Higher Pre-treatment 5-HT1A Receptor Binding Potential in Bipolar Disorder Depression is Associated with Treatment Remission: A Naturalistic Treatment Pilot PET Study

Martin J Lan 1,2, Natalie Hesselgrave 2, Adam Ciarleglio 2,3, R Todd Ogden 2,3, Gregory M Sullivan 1,2, J John Mann 1,2,4, Ramin V Parsey 5
PMCID: PMC3809836  NIHMSID: NIHMS504107  PMID: 23720414

Abstract

Bipolar Disorder is a major cause of disability and a high risk for suicide. The pathophysiology of the disorder remains largely unknown. Medication choice for bipolar depression patients involves trial and error. Our group reported previously that brain serotonin 1A (5HT1A) receptor binding measured by positron emission tomography (PET) is higher in bipolar depression. We now investigated whether pretreatment 5HT1A levels correlates with antidepressant medication outcome. 41 medication-free DSM-IV diagnosed, bipolar patients in a major depressive episode (MDE) had brain PET scans performed using [11C]WAY-100635 and a metabolite corrected arterial input function. The patients then received naturalistic psychopharmacologic treatment as outpatients and a follow up Hamilton Depression Rating Scale (HDRS) after 3 months of treatment. Patients with 24 item HDRS scores less than 10 were considered to have remitted. A linear mixed effects model was used to compare BPF (binding potential, proportional to the total number of available receptors) in 13 brain regions of interest between remitters and non-remitters. 34 patients completed 3 months of treatment and ratings; 9 had remitted. Remitters and non-remitters did not differ in age, sex or recent medication history with serotonergic medications. Remitters had higher [11C]WAY-100635 BPF across all brain regions compared with non-remitters (p=0.02). Higher pre-treatment brain 5HT1A receptor binding was associated with remission after 3 months of pharmacological treatment in bipolar depression. Prospective treatment studies are warranted to determine whether this test predicts outcome of specific types of treatment.
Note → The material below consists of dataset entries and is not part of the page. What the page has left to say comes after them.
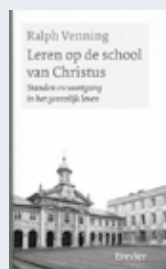
Uit: "Leren op de school van Christus", Ralph Venning (uitg. Brevier).
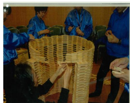
③ 狭めながら屋根を作る。
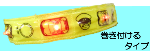
巻き付ける タイプ
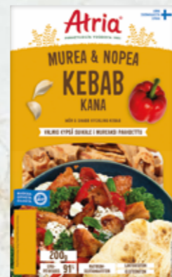
Atria Murea & Nopea Kana Kebab 200g
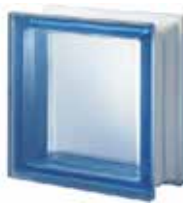
BLU Q19 T SAT 1 LATO SAP CODE: 115099
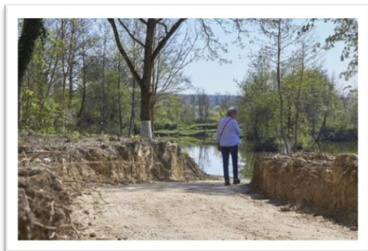
Les travaux réalisés par l'association de pêche locale font polémique à Messein.

L'association de pêche de Messein a procédé à des gros travaux en bordure de deux étangs. Sans autorisation de la commune. D'où la colère du maire et de certains habitants.
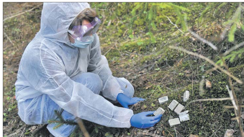
Александр Авилов/Агентство «Москва»
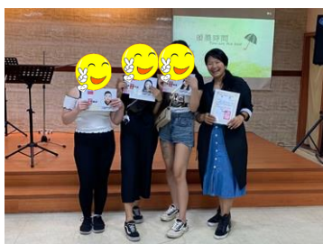
就業輔導-取得美甲證照
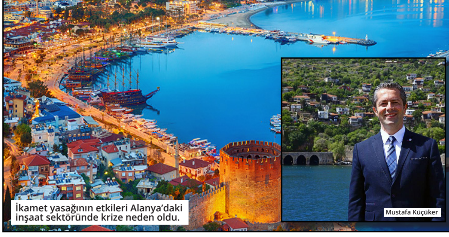
İkamet yasağının etkileri Alanya'daki inşaat sektöründe krize neden oldu.
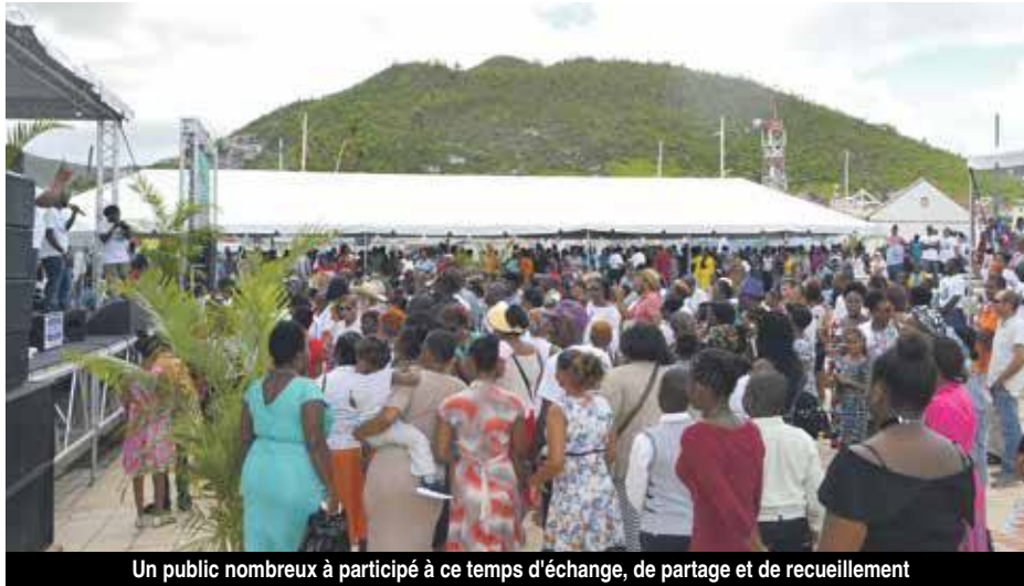
Un public nombreux à participé à ce temps d'échange, de partage et de recueillement
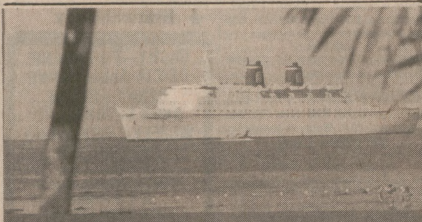
MIAMI — Wycieczkowiec s/s "Emerald Sea" padł ofiarą pożaru. Ogień stłumiono, ale 4 członków załogi odniosło rany, zaś pasażerów ewakuowano.

Keywords: Bipolar Disorder, PET, [11C]WAY-100635, Antidepressant, Mood stabilizer

Introduction

Bipolar disorder is the sixth leading cause of disability-adjusted-life-years of all diseases according to the World Health Organization (2002). About 1% of the population meets lifetime criteria for bipolar I disorder and 1.2% for bipolar II disorder (Bauer & Pfennig, 2005; Weissman et al, 1996). It carries an increased risk for suicide, which accounts for approximately 10% of deaths in those with this diagnosis (Harris & Barraclough, 1997). The risk of suicide is elevated during episodes of major depression and mixed mood states, making depression a key risk factor. There is debate about the medication options for treatment of depression, and no laboratory or clinical tools exist for treatment selection. Progress in developing such a laboratory tool is handicapped by the fact that the disease pathophysiology remains largely unknown, and the mechanisms of action of the medications effective as either mood stabilizers or antidepressants in bipolar depression have not been fully elucidated (Belmaker, 2004).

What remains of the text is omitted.